WHAT IS EXPECTED ::
Exact copy, no pictures: output all the records that follow.

Records contained in a dataset
○ ○ ○ ○

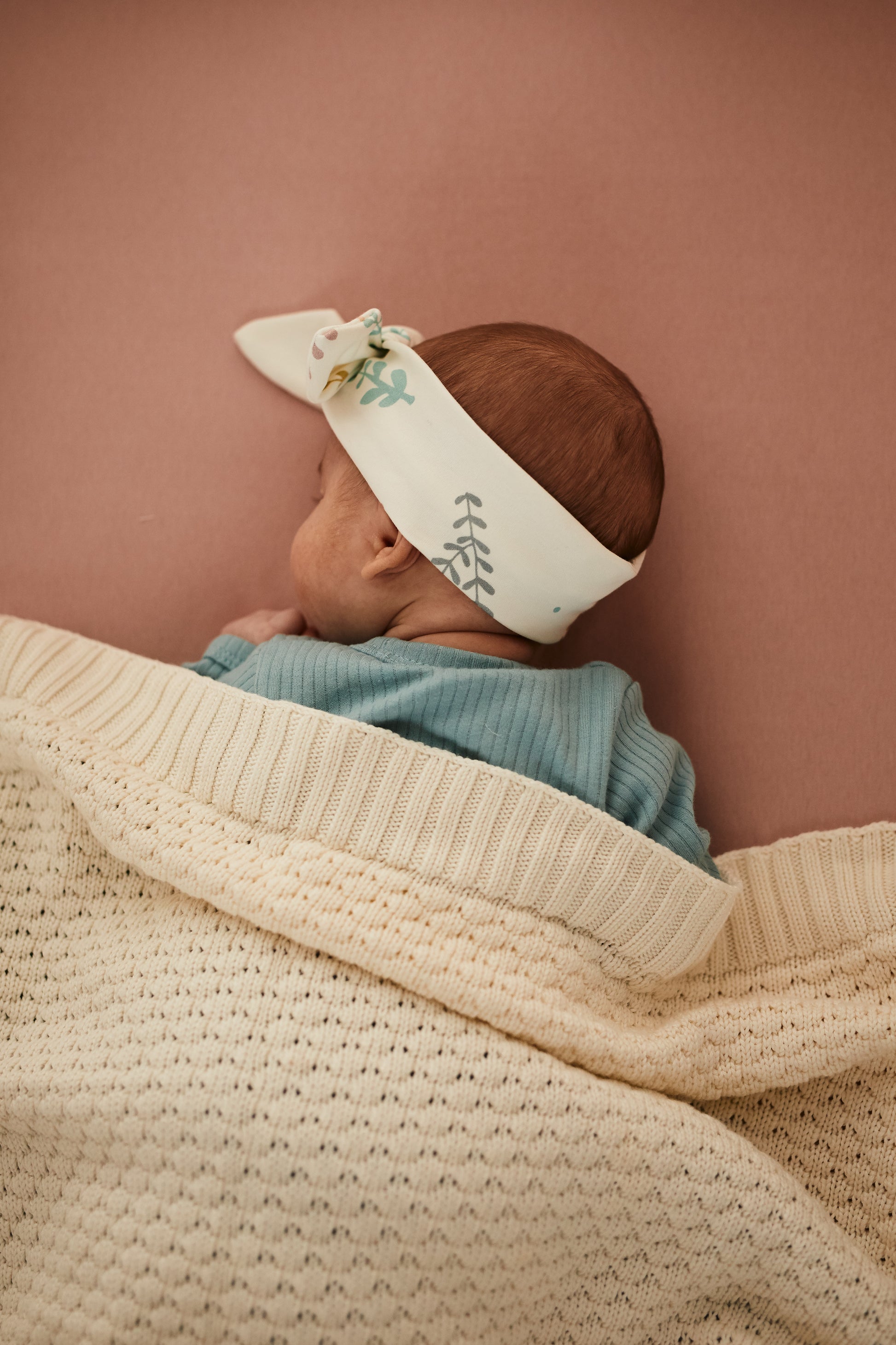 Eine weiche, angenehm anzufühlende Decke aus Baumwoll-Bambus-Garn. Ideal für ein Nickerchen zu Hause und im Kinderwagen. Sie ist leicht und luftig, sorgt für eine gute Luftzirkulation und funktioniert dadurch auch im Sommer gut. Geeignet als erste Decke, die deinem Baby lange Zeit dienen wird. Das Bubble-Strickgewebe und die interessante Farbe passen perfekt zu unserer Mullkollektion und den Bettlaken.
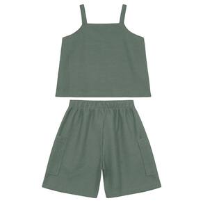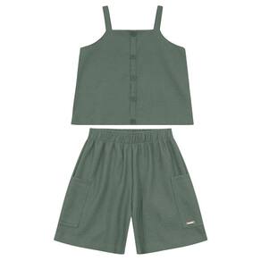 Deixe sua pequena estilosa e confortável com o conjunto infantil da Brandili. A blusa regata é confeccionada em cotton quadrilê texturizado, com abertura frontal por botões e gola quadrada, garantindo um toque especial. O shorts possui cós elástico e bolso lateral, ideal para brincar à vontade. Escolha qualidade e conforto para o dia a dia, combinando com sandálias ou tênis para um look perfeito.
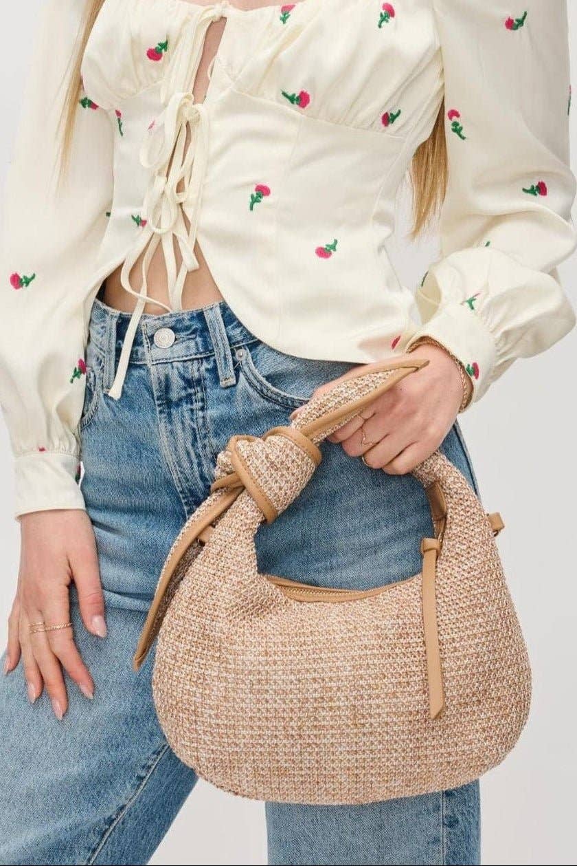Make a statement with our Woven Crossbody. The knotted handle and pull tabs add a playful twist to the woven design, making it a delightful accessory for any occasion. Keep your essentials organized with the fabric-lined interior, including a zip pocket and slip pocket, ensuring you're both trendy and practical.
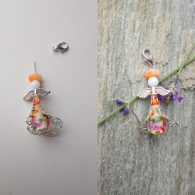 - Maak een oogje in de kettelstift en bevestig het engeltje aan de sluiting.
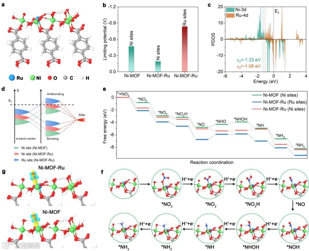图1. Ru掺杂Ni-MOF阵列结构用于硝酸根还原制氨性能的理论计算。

○ ○ ○ ○

EXERCISE RESPONSE ::
 Eine weiche, angenehm anzufühlende Decke aus Baumwoll-Bambus-Garn. Ideal für ein Nickerchen zu Hause und im Kinderwagen. Sie ist leicht und luftig, sorgt für eine gute Luftzirkulation und funktioniert dadurch auch im Sommer gut. Geeignet als erste Decke, die deinem Baby lange Zeit dienen wird. Das Bubble-Strickgewebe und die interessante Farbe passen perfekt zu unserer Mullkollektion und den Bettlaken.
 Deixe sua pequena estilosa e confortável com o conjunto infantil da Brandili. A blusa regata é confeccionada em cotton quadrilê texturizado, com abertura frontal por botões e gola quadrada, garantindo um toque especial. O shorts possui cós elástico e bolso lateral, ideal para brincar à vontade. Escolha qualidade e conforto para o dia a dia, combinando com sandálias ou tênis para um look perfeito.
Make a statement with our Woven Crossbody. The knotted handle and pull tabs add a playful twist to the woven design, making it a delightful accessory for any occasion. Keep your essentials organized with the fabric-lined interior, including a zip pocket and slip pocket, ensuring you're both trendy and practical.
 - Maak een oogje in de kettelstift en bevestig het engeltje aan de sluiting.
图1. Ru掺杂Ni-MOF阵列结构用于硝酸根还原制氨性能的理论计算。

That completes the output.